Le lendemain, vers 7 heures, tous sont conduits à pied au camp annexe de Birkenau où ils sont répartisdans les Blocks 19 et 20. Le 10 juillet, après l’appel général et un bref interrogatoire, ils sont envoyés aux travail dans différents Kommandos.

Le 13 juillet – après les cinq premiers jours passés par l’ensemble des “45000” à Birkenau – il est dans la moitié des membres du convoi qui reste dans ce camp en construction choisi pour mettre en œuvre la “solution finale” (contexte plus meurtrier).

Le 12 janvier 1943, son nom est inscrit sur un registre de l’infirmerie (Revier [1]).

Il meurt à Birkenau, le 16 janvier 1943, d’après les registres du camp.

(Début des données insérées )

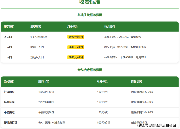医院实行“基础服务+专科治疗”双轨收费,月均费用6600元起,具体构成如下: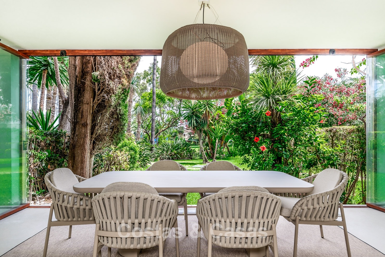 Ruim, eigentijds gerenoveerd herenhuis te koop in een eerstelijnsstrand complex tussen Marbella en Estepona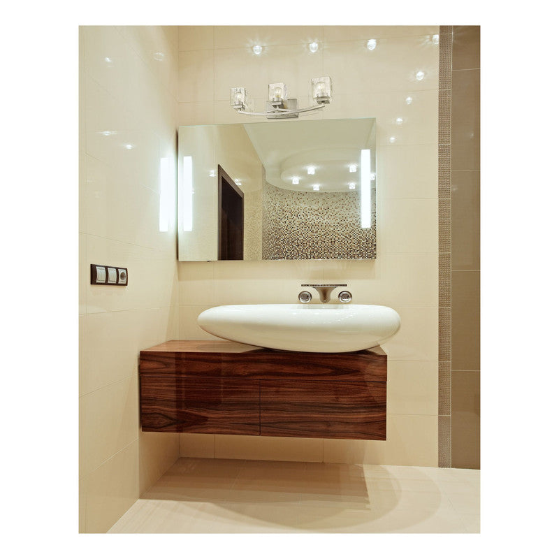 The Zaid collection of contemporary bath fixtures are defined by the gentle curve of the fixture arm paired with the finely variegated detail of the Clear glass shades. These contemporary fixtures are offered in many sizes and a choice finishes which include Bronze, Brushed Nickel, or Chrome.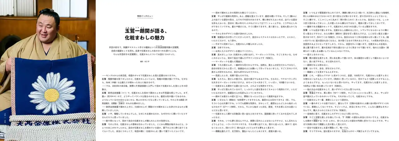 手芸・裁縫が趣味である玉鷲関に、化粧まわしの魅力についてたっぷり語っていただいたインタビュー記事や、化粧まわしの歴史解説、化粧まわしや染め抜き生地の色見本帳を紹介。 |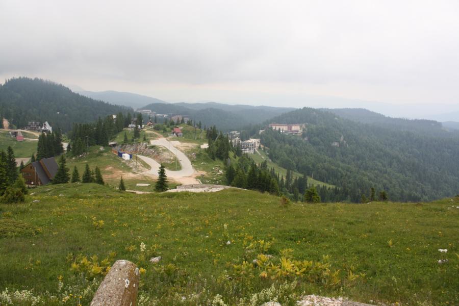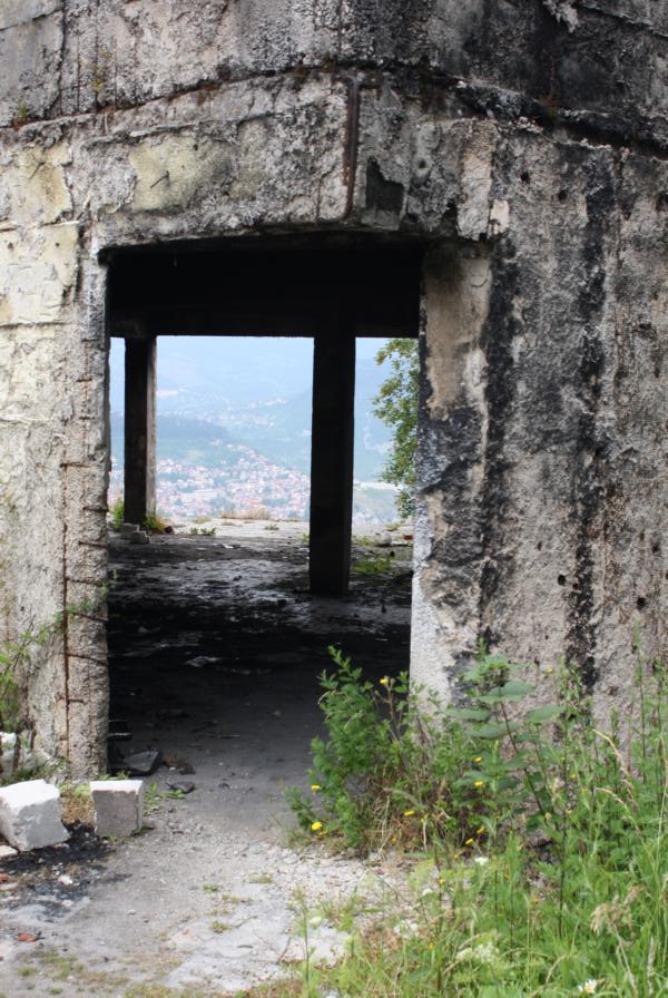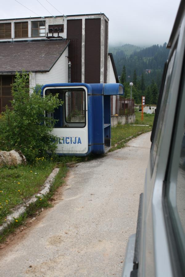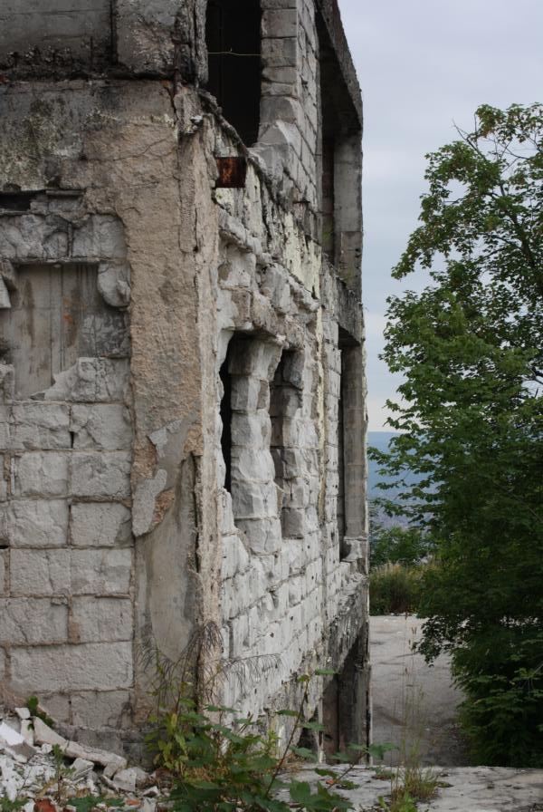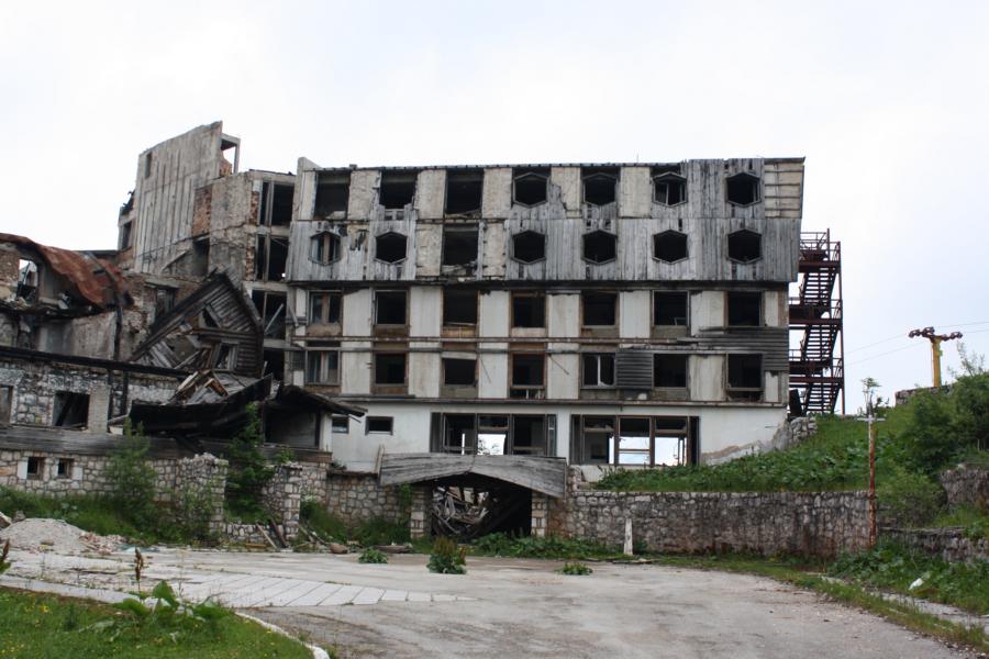 Wer dem morbiden Charme ausgebrannter und zerschossener Gebäude erlegen ist, kommt im ehemaligen olympischen Dorf oberhalb von Sarajevo voll auf seine Kosten. Meistens ist man dort ganz für sich alleine, nur selten verirrt sich ein Bautrupp hierher. Aber was wollen die Männer dort reparieren? Wir haben es nicht herausgefunden.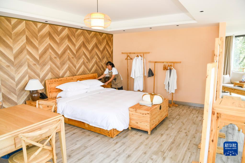 8月2日,重庆万州三峡恒合旅游度假区一家民宿的工作人员在整理房间。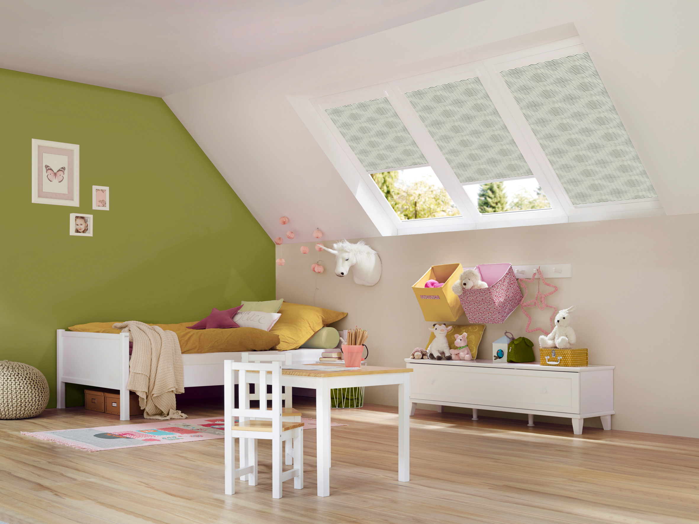 Richtig eingesetzte Rollos, Plissees, Jalousien oder Lamellenvorhänge helfen dabei: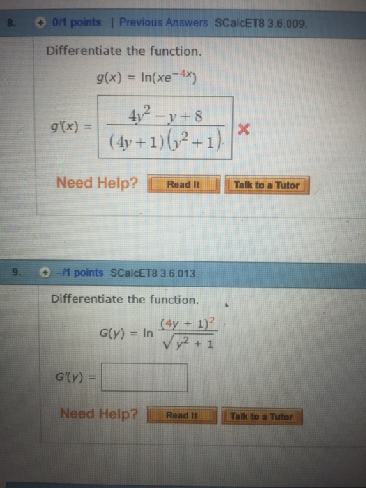 Solved Differentiate the function. g(x) = ln(xe6x) g'(x) =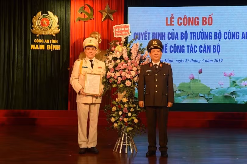 Được sự ủy quyền của Bộ trưởng Bộ Công an, Trung tướng Nguyễn Văn Sơn đã công bố và trao Quyết định của Bộ trưởng Bộ Công an bổ nhiệm Đại tá Phạm Văn Long, giữ chức vụ Giám đốc Công an tỉnh Nam Định.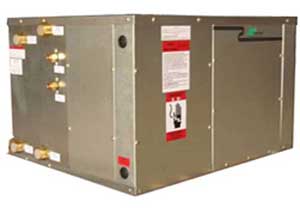 水-水式水環/水源/地源熱泵機組是以地能(地下水)或huo循xun環huan流liu動dong的de水shui或huo鹽yan水shui為wei主zhu要yao能neng源yuan,輔fu以yi電dian能neng,通tong過guo先xian進jin的de設she備bei將jiang地di下xia取qu之zhi不bu竭jie但dan不bu易yi利li用yong的de低di品pin位wei再zai生sheng能neng源yuan加jia以yi開kai發fa利li用yong,使shi其qi變bian為wei高gao品pin位wei能neng源yuan,同tong時shi向xiang室shi內nei未wei端duan供gong應ying冷leng(熱)水,來達到製冷(熱)目的。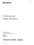 4-688-645-24(1) Professional Video Monitor Mode d’emploi Avant d’utiliser l’appareil, veuillez lire attentivement ce manuel et le conserver pour future référence. BVM-E251 BVM-E171 Logiciel Version 1.2 © 2016 Sony Corporation AVERTISSEMENT Afin de réduire les risques d’incendie ou d’électrocution, ne pas exposer cet appareil à la pluie ou à l’humidité. Afin d’écarter tout risque d’électrocution, garder le coffret fermé. Ne confier l’entretien de l’appareil qu’à un personnel qualifié. CET APPAREIL DOIT ÊTRE RELIÉ À LA TERRE. AVERTISSEMENT Lors de l’installation de l’appareil, incorporer un dispositif de coupure dans le câblage fixe ou brancher la fiche d’alimentation dans une prise murale facilement accessible proche de l’appareil. En cas de problème lors du fonctionnement de l’appareil, enclencher le dispositif de coupure d’alimentation ou débrancher la fiche d’alimentation. AVERTISSEMENT Eviter d’exposer l’appareil à un égouttement ou à des éclaboussures. Ne placer aucun objet rempli de liquide, comme un vase, sur l’appareil. ATTENTION Cet appareil n’est pas déconnecté de la source d’alimentation secteur tant qu’il est raccordé à la prise murale, même si l’appareil lui-même a été mis hors tension. AVERTISSEMENT Cet équipement ne convient pas aux endroits où des enfants sont susceptibles d’être présents. La ventilation ne doit pas être entravée en couvrant les fentes d'aération par des objets tels que des journaux, nappes, rideaux ou autre. Aucune source de flamme nue, tel que des bougies, ne doit être placée sur l'appareil. AVERTISSEMENT 1. Utilisez un cordon d’alimentation (câble secteur à 3 fils)/fiche femelle/fiche mâle avec des contacts de mise à la terre conformes à la réglementation de sécurité locale applicable. 2. Utilisez un cordon d’alimentation (câble secteur à 3 fils)/fiche femelle/fiche mâle avec des caractéristiques nominales (tension, ampérage) appropriées. Pour toute question sur l’utilisation du cordon d’alimentation/fiche femelle/fiche mâle ci-dessus, consultez un technicien du service après-vente qualifié. Pour les clients au Canada CAN ICES-3 (A)/NMB-3(A) 2 Pour les clients en Europe Ce produit est prévu pour être utilisé dans l’environnement électromagnétique suivant: E4 (environnement EMC contrôlé, ex. studio de télévision). Ne pas utiliser cet appareil dans une zone résidentielle. Pour les clients en Europe, Australie et NouvelleZélande AVERTISSEMENT Cet appareil est conforme à la Classe A de CISPR 32. Dans un environnement domestique, cet appareil peut provoquer des interférences radio. Pour les clients au Canada GARANTIE LIMITÉE DE SONY - Rendez-vous sur www.sony.com/psa/warranty pour obtenir les informations importantes et l’ensemble des termes et conditions de la garantie limitée de Sony applicable à ce produit. Table des matières Précautions d’emploi ...................................... 4 Sécurité ......................................................................4 Installation ................................................................4 Transport de l’appareil .............................................4 Connexion à d’autres équipements ........................4 Manipulation de l’écran ...........................................4 À propos de l’affichage à haute luminosité ...........5 Incrustation d’image ................................................5 Utilisation prolongée ...............................................5 À la surface du moniteur ........................................6 Période d’utilisation prolongée ..............................6 Manipulation et entretien de l’écran ......................6 A propos de la condensation ..................................6 Remarques sur la sécurité .......................................6 Remballage ...............................................................6 Mise au rebut de l’unité ...........................................6 À propos des mises à jour logicielles .....................6 Erreur de ventilateur ...............................................7 Emplacement et fonction des composants et des commandes ............................................... 8 Panneau avant .......................................................... 8 Signaux d’entrée et éléments réglables/paramètres de réglage......................... 10 Panneau arrière ...................................................... 12 Prévention des chutes du moniteur (BVM-E251) .................................................. 14 Montage de l’appareil dans un rack (BVM-E171) .................................................. 15 Fixation de la poignée (BVM-E171) ............ 15 Connecter le contrôleur (BKM-17R) ........... 16 Connecter les unités multiples avec le LAN ............................................................... 17 Connecter le câble HDMI ............................. 18 Raccordement du cordon d’alimentation .... 18 Protéger les valeurs de réglage à l’aide de [Password] ........................................................... 28 Réglage au moyen des menus ....................... 28 Options ................................................................... 28 Menu [Adjustment] .............................................. 31 Menu [Channel Configuration] .......................... 36 Menu [Auxiliary Setting] ..................................... 46 Menu [Function Setting] ...................................... 48 Menu [System Configuration] ............................ 62 Menu [File Management] .................................... 69 Menu [System Status] ........................................... 71 Menu [Controller] ................................................. 73 Menu [Key Protect] ............................................... 77 Afficher la page d’état du moniteur ............. 78 Mettre à niveau le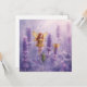 Among blooming lavender fields, three magical beings gather — a golden-winged fairy, a playful sprite, and a leafy companion.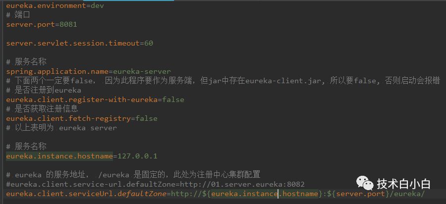 eureka.environment=dev # 端口 server.port=8081 server.servlet.session.timeout=60 # 服务名称 spring.application.name=eureka-server # 下面两个一定要false, 因为此程序要作为服务端,但jar中存在eureka-client.jar, 所以要false, 否则启动会报错 # 是否注册到eureka eureka.client.register-with-eureka=false # 是否获取注册信息 eureka.client.fetch-registry=false # 以上表明为 eureka server # 服务名称 eureka.instance.hostname=127.0.0.1 # eureka 的服务地址, /eureka 是固定的,此处为注册中心集群配置 #eureka.client.service-url.defaultZone=http://01.server.eureka:8082 eureka.client.serviceUrl.defaultZone=http://${eureka.instance.hostname}:${server.port}/eureka/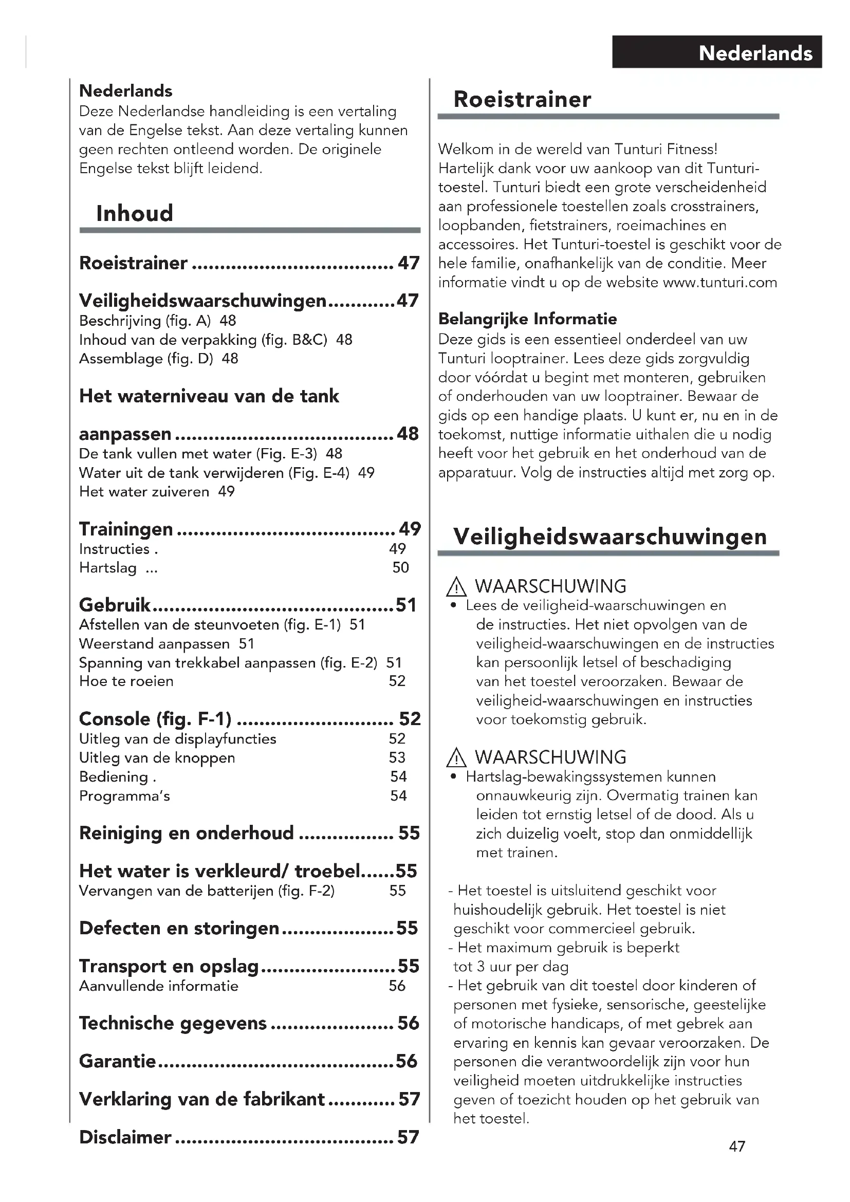 - Hartslag-bewakingssystemen kunnen onnauwkeurig zijn. Overmatig trainen kan leiden tot ernstig letsel of de dood. Als u zich duizelig voelt, stop dan onmiddellijk met trainen. - Het toestel is uitsluitend geschikt voor huishoudelijk gebruik. Het toestel is niet geschikt voor commercieel gebruik. - Het maximum gebruik is beperkt tot 3 uur per dag - Het gebruik van dit toestel door kinderen of personen met fysieke, sensorische, geestelijke of motorische handicaps, of met gebrek aan ervaring en kennis kan gevaar veroorzaken. De personen die verantwoordelijk zijn voor hun veiligheid moeten uitdrukkelijke instructies geven of toezicht houden op het gebruik van het toestel. Nederlands Deze Nederlandse handleiding is een vertaling van de Engelse tekst. Aan deze vertaling kunnen geen rechten ontleend worden. De originele Engelse tekst blijft leidend. Inhoud Roeistrainer .................................... 47 Veiligheidswaarschuwingen ............ 47 Beschrijving (g. A) 48 Inhoud van de verpakking (g. B&C) 48 Assemblage (g. D) 48 Het waterniveau van de tank aanpassen ....................................... 48 De tank vullen met water (Fig. E-3) 48 Water uit de tank verwijderen (Fig. E-4) 49 Het water zuiveren 49 Trainingen ....................................... 49 Instructies . 49 Hartslag ... 50 Gebruik ........................................... 51 Afstellen van de steunvoeten (g. E-1) 51 Weerstand aanpassen 51 Spanning van trekkabel aanpassen (g. E-2) 51 Hoe te roeien 52 Console (g. F-1) ............................ 52 Uitleg van de displayfuncties 52 Uitleg van de knoppen 53 Bediening . 54 Programma’s 54 Reiniging en onderhoud ................. 55 Het water is verkleurd/ troebel. ..... 55 Vervangen van de batterijen (g. F-2) 55 Defecten en storingen .................... 55 Transport en opslag ........................ 55 Aanvullende informatie 56 Technische gegevens ...................... 56 Garantie .......................................... 56 Verklaring van de fabrikant ............ 57 Disclaimer ....................................... 5748 Nederlands - Laat uw gezondheid door een arts controleren voordat u met uw training begint. - Als u misselijkheid, duizeligheid of andere abnormale symptomen ervaart, stop dan onmiddellijk met uw training en raadpleeg een arts. - Om spierpijn en te zware belasting te voorkomen, moet u elke training beginnen met een warming-up en eindigen met een cooling- down. Vergeet niet om uw spieren te strekken aan het einde van de training. - Het toestel is uitsluitend geschikt voor gebruik binnenshuis. Het toestel is niet geschikt voor gebruik buitenshuis. - Gebruik het toestel alleen in een omgeving met voldoende ventilatie. Gebruik het toestel niet in een tochtige omgeving om geen kou te vatten. - Gebruik het toestel alleen in een omgeving met een omgevingstemperatuur tussen 10 °C en 35 °C. Berg het toestel alleen op bij een omgevingstemperatuur tussen 5 °C en 45 °C. - Gebruik het toestel niet in een vochtige omgeving. Berg het toestel niet op in een vochtige omgeving. De luchtvochtigheid mag nooit meer zijn dan 80%. - Gebruik het toestel alleen voor het doel waarvoor het gemaakt is. Gebruik het toestel niet voor andere doelstellingen dan beschreven in de handleiding. - Gebruik het toestel niet als een onderdeel is beschadigd of niet goed werkt. Raadpleeg uw dealer als een onderdeel is beschadigd of niet goed werkt. - Houd uw handen, voeten en andere lichaamsdelen uit de buurt van de bewegende delen. - Houd uw haar uit de buurt van de bewegende delen. - Draag geschikte kleding en schoenen. - Houd kleding, sieraden en andere voorwerpen uit de buurt van de bewegende delen. - Zorg ervoor dat het toestel slechts door één persoon tegelijk wordt gebruikt. Het toestel mag niet worden gebruikt door personen die meer dan 150 kg (330 lbs) wegen. - Maak het toestel niet open zonder eerst uw dealer te raadplegen. Beschrijving (fig. A) Uw roeitrainer is een stationair fitnesstoestel dat wordt gebruikt voor het nabootsen van roeien zonder dat de gewrichten te veel belast worden. Inhoud van de verpakking (fig. B&C) - De verpakking bevat de onderdelen zoals aangegeven in fig. B. - De verpakking bevat de bevestigingsmiddelen zoals aangegeven in fig. C. Raadpleeg het gedeelte “Beschrijving”. ‼ LET OP

Il est homologué comme “Déporté politique”.

Sources :

- Claudine Cardon-Hamet, Triangles rouges à Auschwitz, Le convoi politique du 6 juillet 1942, éditions Autrement, collection mémoires, Paris 2005, pages 372 et 408.
- Cl. Cardon-Hamet, Mille otages pour Auschwitz, Le convoi du 6 juillet 1942 dit des “45000”, éditions Graphein, Paris nov. 2000, page 521.
- Cl. Cardon-Hamet, notice pour l’exposition de Mémoire Vive sur les “45000” et “31000” de Paris (2002), citant : – Témoignages de la famille Deslandes – Témoignage de Madame Andrée Ponty, sœur de G. Ponty – Témoignage de Georges Marin (9/12/1991) – Article de M. Cottard, Revue d’Histoire du 14e, n° 29, p. 72 (fév. 1989) – Bureau des archives des victimes des conflits contemporains (BAVCC), ministère de la Défense, Caen – Liste partielle du convoi établie par le Musée d’Auschwitz.
- Archives de la préfecture de police de Paris, cartons “occupation allemande” : BA ? (…).
- Death Books from Auschwitz, Remnants, Musée d’État d’Auschwitz-Birkenau, K.G.Saur, 1995 ; relevé des registres (incomplets) d’actes de décès du camp d’Auschwitz dans lesquels a été inscrite, du 27 juillet 1941 au 31 décembre 1943, la mort de 68 864 détenus pour la plupart immatriculés dans le camp (sans indication du numéro attribué), tome 2, page 479 (2476/1943).

MÉMOIRE VIVE

(dernière mise à jour, le 3-06-2008)

Cette notice biographique doit être considérée comme un document provisoire fondé sur les archives et témoignages connus à ce jour. Vous êtes invité à corriger les erreurs qui auraient pu s’y glisser et/ou à la compléter avec les informations dont vous disposez (en indiquant vos sources).

En hommage à Roger Arnould (1914-1994), Résistant, rescapé de Buchenwald, documentaliste de la FNDIRP qui a initié les recherches sur le convoi du 6 juillet 1942.

[1] Revier , selon Charlotte Delbo : « abréviation de Krakenrevier, quartier des malades dans une enceinte militaire. Nous ne traduisons pas ce mot que les Français prononçaient révir, car ce n’est ni hôpital, ni ambulance, ni infirmerie. C’est un lieu infect où les malades pourrissaient sur trois étages. ». In Le convoi du 24 janvier, Les Éditions de Minuit, 1967, p. 24. Le terme officiel est pourtant “hôpital” ; en allemand Häftlingskrakenbau (HKB), hôpital des détenus ou Krakenbau (KB). Dans Si c’est un Homme, Primo Lévi utilise l’abréviation “KB”.